Der Umstieg zur Elektromobilität könnte laut einer Studie viele Arbeitsplätze in der deutschen Industrie kosten. Nach der Untersuchung des Fraunhofer-Instituts für Arbeitswirtschaft und Organisation (IAO) könnte bis 2030 jeder dritte Arbeitsplatz der Antriebstechnik wegfallen. Für die Herstellung eines Elektroantriebs seien deutlich weniger Beschäftigte nötig als für die Produktion eines Verbrennungs- oder Hybridmotors. Die Studie orientiert sich an den Zielen der EU-Kommission, nach denen 2025 insgesamt 15 Prozent aller in Deutschland gefertigten Autos rein durch Batterien und weitere zehn Prozent von einem Hybridmotor angetrieben werden sollen. Im Jahr 2030 sollen diese Werte auf 25 beziehungsweise 15 Prozent steigen. Demnach würden 100.000 der aktuell 210.000 Arbeitsplätze wegfallen, dafür würden 25.000 neue Jobs entstehen. Ein Elektroantriebsstrang bestehe aus 200 Teilen im Vergleich zu rund 1.200 Teilen bei Verbrennungsmotoren, sagte VW-Betriebsratschef Bernd Osterloh. Die nötige Montagezeit pro Auto sinke daher von etwa 20 auf unter 15 Stunden. IG-Metall-Chef Jörg Hofmann sagte, die Ergebnisse böten keinen Grund zur Angstmacherei. Die Herausforderungen seien groß, aber zu bewältigen. Die Politik müsse den Strukturwandel durch eine zielgerichtete Industrie- und Beschäftigungspolitik flankieren. Beschäftigte von kleinen Zulieferbetrieben in strukturschwachen Regionen wären der Studie nach am schwersten betroffen.

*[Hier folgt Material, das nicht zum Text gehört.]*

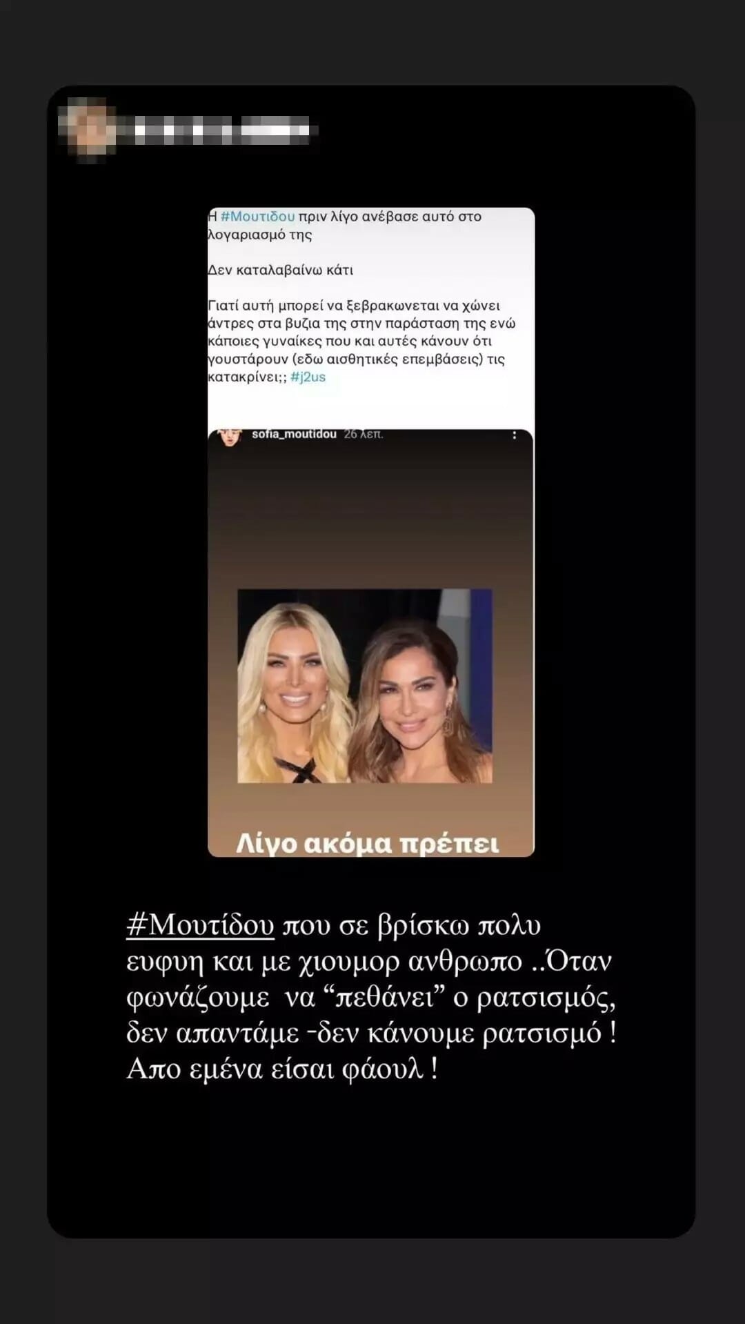 Λίγο αργότερα η παρουσιάστρια του Alpha προχώρησε σε μια νέα ανάρτηση αναδημοσιεύοντας το σχόλιο ενός άλλου χρήστη του διαδικτύου το οποίο ανέφερε: «Η Μουτίδου πριν λίγο ανέβασε αυτό στον λογαριασμό της. Δεν καταλαβαίνω κάτι. Γιατί αυτή μπορεί να ξεβρακώνεται, να χώνει άντρες στα βυζι@ της στην παράστασή της ενώ κάποιες γυναίκες που και αυτές κάνουν ότι γουστάρουν (εδώ αισθητικές επεμβάσεις) τις κατακρίνει;» και συμπλήρωσε την ανάρτηση με το δικό της εξής σχόλιο: «Μουτίδου που σε βρίσκω πολύ ευφυή και με χιούμορ άνθρωπο, όταν φωνάζουμε “να πεθάνει ο ρατσισμός” δεν απαντάμε-κάνουμε ρατσισμό. Από εμένα είναι φάουλ».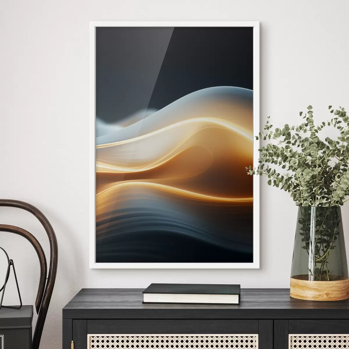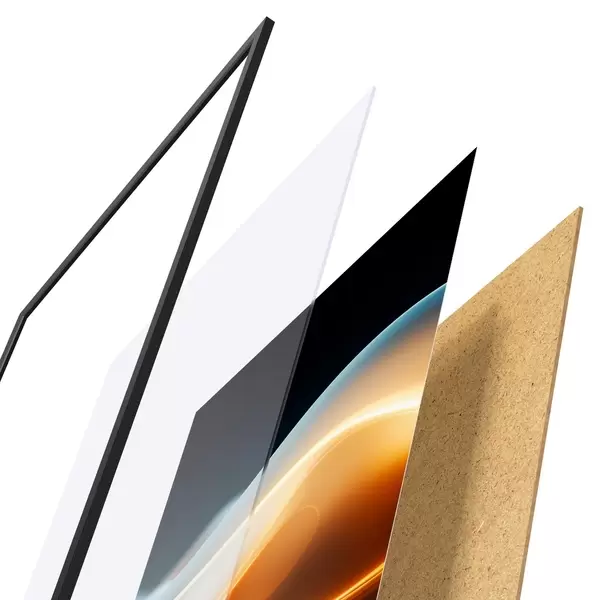 Das Poster besteht aus einem Rahmen, Plexiglas, einem gedruckten Bild und einer Rückwand aus Spanplatten. Dank der Halterungen auf der Rückseite kann das Poster sofort an die Wand gehängt werden.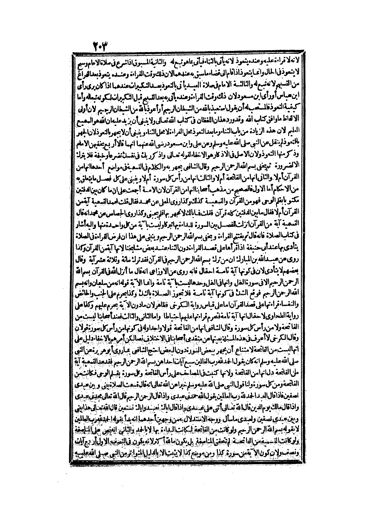 وَكَذَا رُوِيَ عَنْ عَبْدِ اللَّهِ بْنِ الْمُبَارَكِ أَنَّ مَنْ تَرَكَ بِسْمِ اللَّهِ الرَّحْمَنِ الرَّحِيمِ فِي الْقُرْآنِ فَقَدْ تَرَكَ مِائَةً وَثَلَاثَ عَشْرَةَ آيَةً، وَقَالَ بَعْضُهُمْ: لَا يَتَأَدَّى؛ لِأَنَّ فِي كَوْنِهَا آيَةً تَامَّةً احْتِمَالٌ فَإِنَّهُ رُوِيَ عَنْ الْأَوْزَاعِيِّ أَنَّهُ قَالَ: مَا أَنْزَلَ اللَّهُ فِي الْقُرْآنِ بِسْمِ اللَّهِ الرَّحْمَنِ الرَّحِيمِ إلَّا فِي سُورَةِ النَّمْلِ، وَإِنَّهَا فِي النَّمْلِ وَحْدَهَا لَيْسَتْ بِآيَةٍ تَامَّةٍ وَإِنَّمَا الْآيَةُ قَوْلُهُ {إِنَّهُ مِنْ سُلَيْمَانَ وَإِنَّهُ بِسْمِ اللَّهِ الرَّحْمَنِ الرَّحِيمِ} [النمل: 30] فَوَقَعَ الشَّكُّ فِي كَوْنِهَا آيَةً تَامَّةً فَلَا تَجُوزُ الصَّلَاةُ بِالشَّكِّ وَكَذَا يَحْرُمُ عَلَى الْجُنُبِ وَالْحَائِضِ وَالنُّفَسَاءِ قِرَاءَتُهَا عَلَى قَصْدِ الْقُرْآنِ.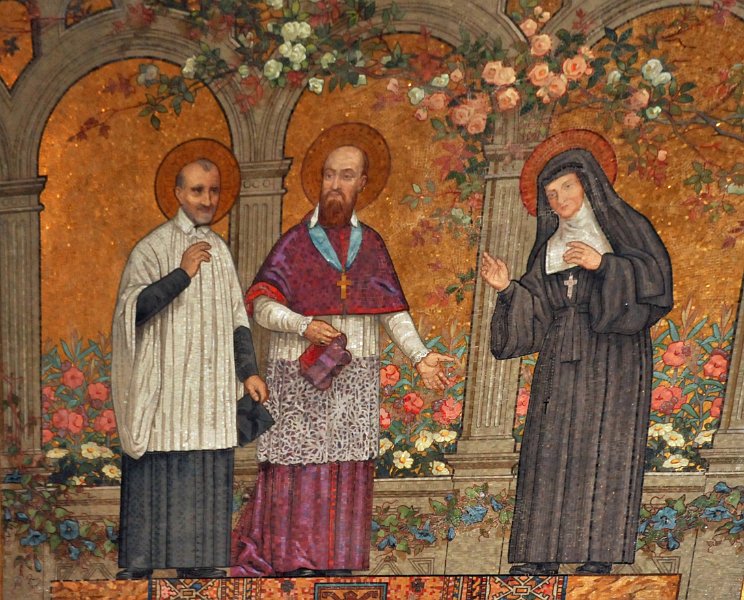 Begegnung zwischen Franz von Sales, Johanna Franziska von Chantal und Vinzenz von Paul in Paris; Mosaik in der Basilika Sacre Coeur von Paris, Frankreich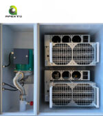 Our C2 uses an EC fan to adjust the speed according to the temperature of the oil entering the tank (dry cooler oil temperature).There are 2 modes to choose (the mode is changed by a button inside the waterproof junction box outside the dry cooler).Press the button down is HEATING mode (waste heat utilization mode) 41.3℃ to start the dry cooler, 49.7℃ to maximize the dry cooler speed. Press the button up is NORMAL mode (normal operation mode), 20.5℃ to start the dry cooler, 28.9℃ to maximize the dry cooler speed.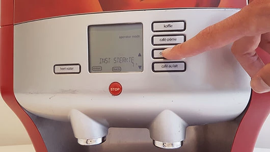 Druk op de koffietoets rechtsonder om naar ‘Inst sterkte’ te gaan en vervolgens op de heetwaterknop (linksonder) om deze keuze te bevestigen.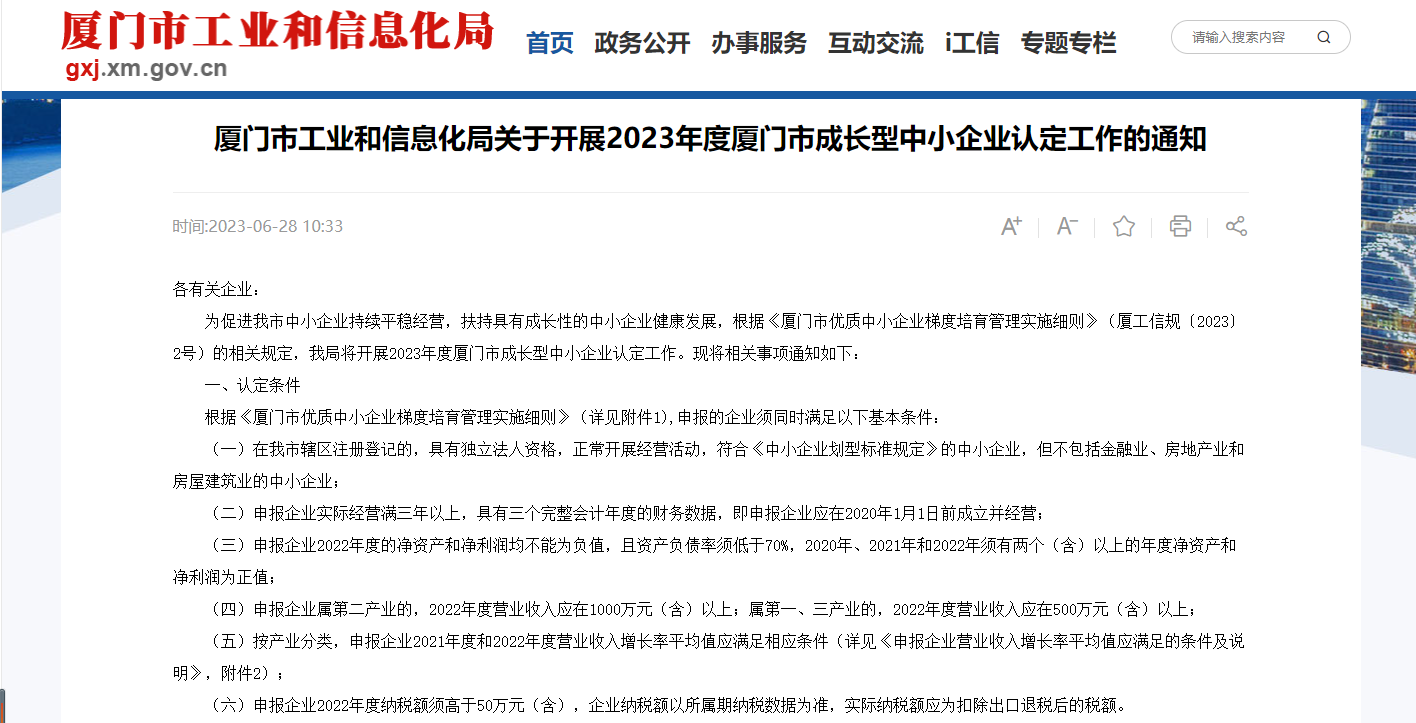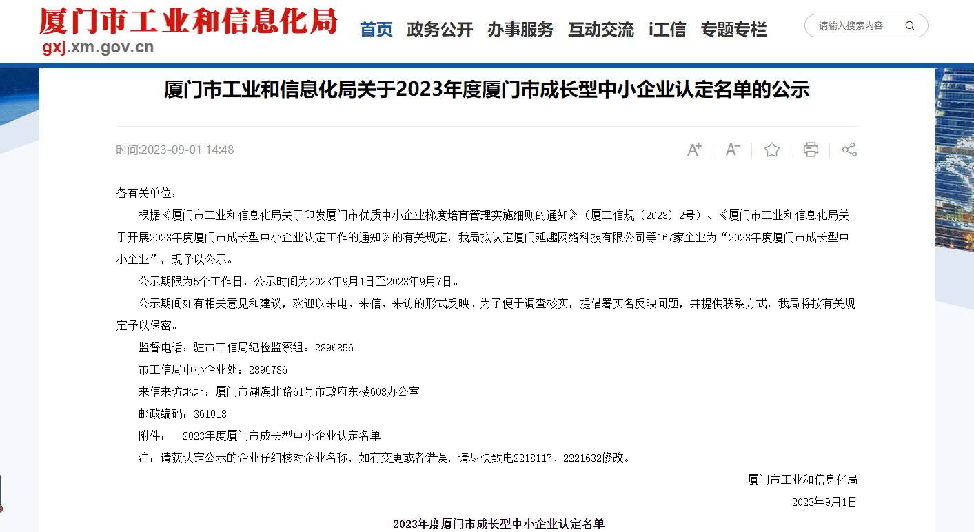 近日,豪天迎來了一則喜訊:廈門市工業(yè)和信息化局發(fā)布了《關于2023年度廈門市成長型中小企業(yè)認定名單的公示》,廈門豪天科技有限公司被權威認定為“廈門市成長型中小企業(yè)”。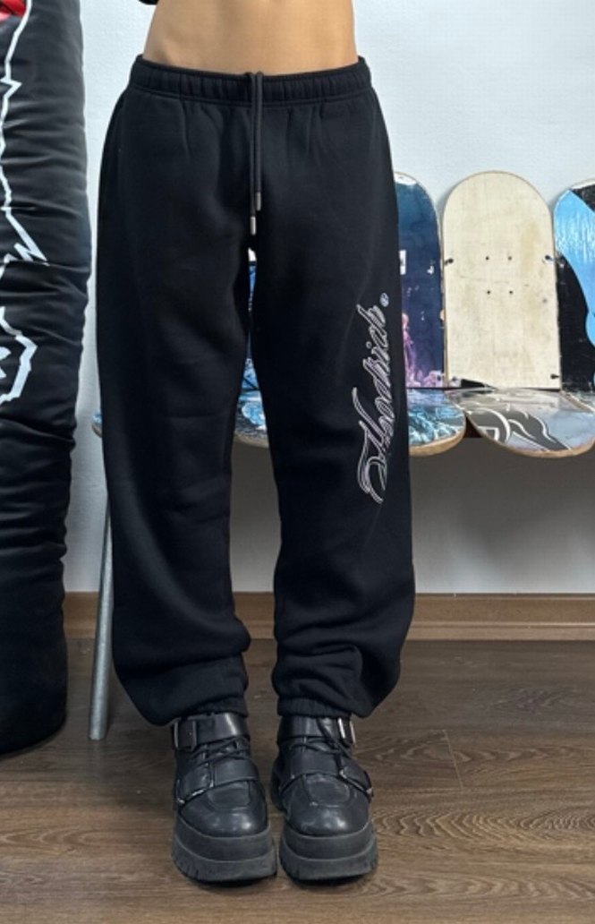 Siyah baskılı, bol kesim kadın sweatpant. Yumuşak fleece kumaştan, rahat ve şık günlük kullanım için uygun.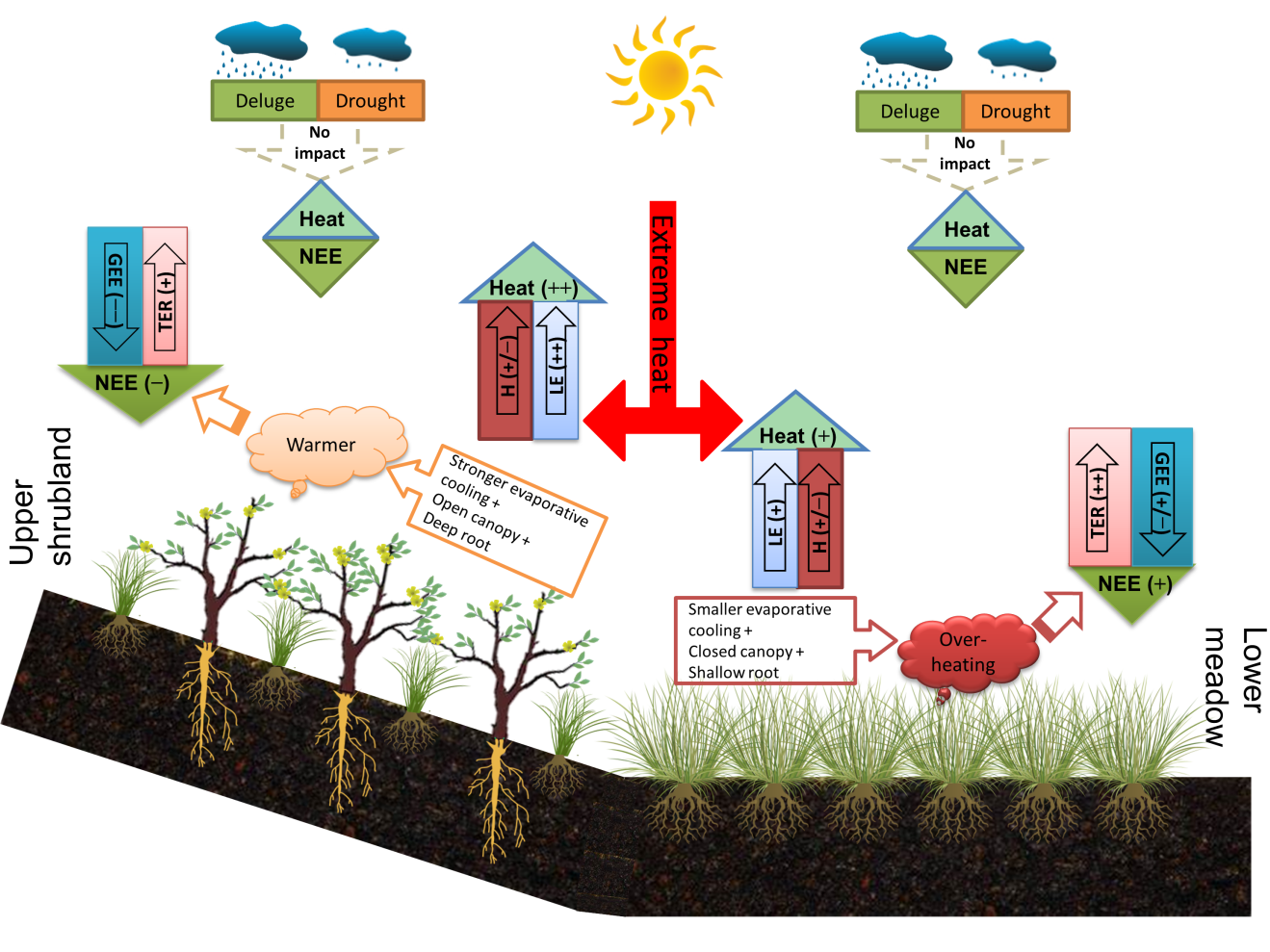 近日,我院陆地生态系统过程团队李红琴副教授基于涡度相关技术,对青藏高原东北部高寒草甸和相邻高寒灌丛的连续观测数据,配对比较了CO2通量和热量通量对极端气候事件的响应。在干旱和随后的复合干旱及高温期,高寒草甸和高寒灌丛的潜热通量(LE)分别提高了21.8%和56.4%。热量(潜热、显热)通量的变化均由太阳辐射的变化(△Swin)决定。但高寒灌丛由于其冠层相对稀疏和粗糙,其ΔLE和ΔSwin的敏感性更高,表现出更强的蒸发冷却能力以缓冲气候异常事件。但极端降水事件如果没有耦合高温事件的话,对高寒草地CO2通量的影响微弱。在单次或复合高温事件期间,两种高寒草地总生态系统呼吸(ΔTER)平均提高约30%,但相对高产的高寒草甸的ΔTER对表层土壤温度的变化具有较高的敏感性。高寒草甸的总初级生产力的平均变化幅度(ΔGPP)小于10%,而在更高海拔的高寒灌丛的ΔGPP则提高了29.3%,这可能是由于二者的冠层结构差异及其导致高温胁迫的程度不同。高寒草甸生态系统CO2净交换量的变化(ΔNEE)与其ΔTER显著相关,因此增加了55.8%,而高寒灌丛的主要受ΔGPP控制,所以减少了22.4%。总的来说,由于充足的土壤水分供应和低温生理限制,高寒草地生态系统能够抵御当前的极端降雨变化,但容易受到高温事件的影响。高寒草地CO2和热量通量的差异响应可能与冠层结构有关,即表现出一定的类型依赖性,研究结果响应有助于预测高寒草地的生态功能的演变趋势。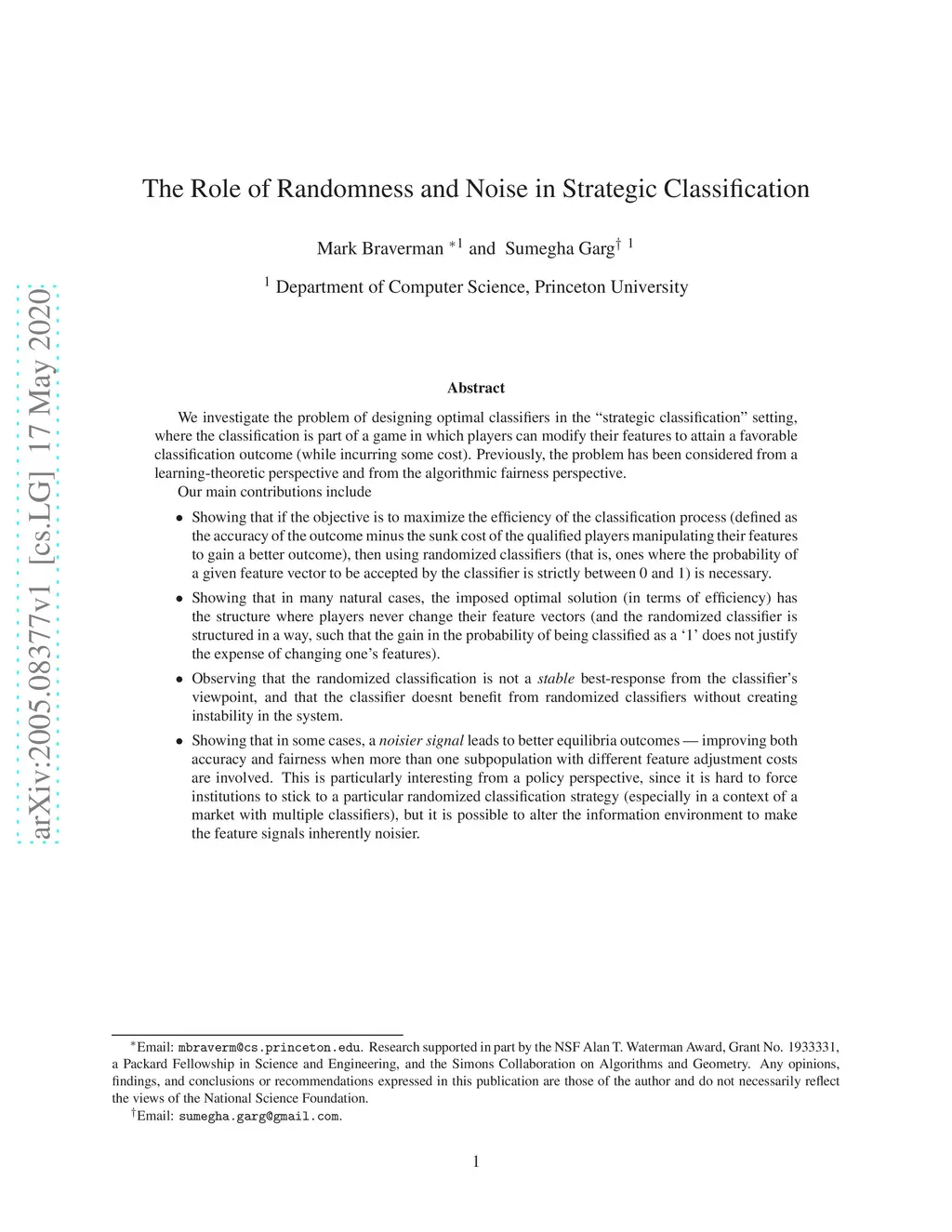 We investigate the problem of designing optimal classifiers in the strategic classification setting, where the classification is part of a game in which players can modify their features to attain a favorable classification outcome (while incurring some cost). Previously, the problem has been considered from a learning-theoretic perspective and from the algorithmic fairness perspective. Our main contributions include 1. Showing that if the objective is to maximize the efficiency of the classification process (defined as the accuracy of the outcome minus the sunk cost of the qualified players manipulating their features to gain a better outcome), then using randomized classifiers (that is, ones where the probability of a given feature vector to be accepted by the classifier is strictly between 0 and 1) is necessary. 2. Showing that in many natural cases, the imposed optimal solution (in terms of efficiency) has the structure where players never change their feature vectors (the randomized classifier is structured in a way, such that the gain in the probability of being classified as a 1 does not justify the expense of changing one's features). 3. Observing that the randomized classification is not a stable best-response from the classifier's viewpoint, and that the classifier doesn't benefit from randomized classifiers without creating instability in the system. 4. Showing that in some cases, a noisier signal leads to better equilibria outcomes -- improving both accuracy and fairness when more than one subpopulation with different feature adjustment costs are involved. This is interesting from a policy perspective, since it is hard to force institutions to stick to a particular randomized classification strategy (especially in a context of a market with multiple classifiers), but it is possible to alter the information environment to make the feature signals inherently noisier.

VW stoppt Produktion tageweise

VW muss wegen des neuen Abgastestverfahrens WLTP die Produktion in Wolfsburg tageweise aussetzen. Konzernchef Herbert Diess sagte vor der Belegschaft, die Testprozedur sei viel komplexer und dauere länger. „Wir müssen im dritten Quartal mit Ausfällen in der Produktion rechnen“, sagte er. Die Umstellung auf WLTP sei ein „Kraftakt“. Die Neuwagen sollten nach und nach ausgeliefert werden, sobald sie die Tests durchlaufen hätten. Dennoch müssten viele Fahrzeuge zwischenzeitlich gelagert werden. Damit die Zahl nicht zu groß werde, müsse VW im Wolfsburger Stammwerk nach den Werksferien bis Ende September sogenannte Schließtage einlegen, an denen die Produktion ruhe. Wie diese Tage verteilt würden, solle in den nächsten Tagen mit dem Betriebsrat besprochen werden.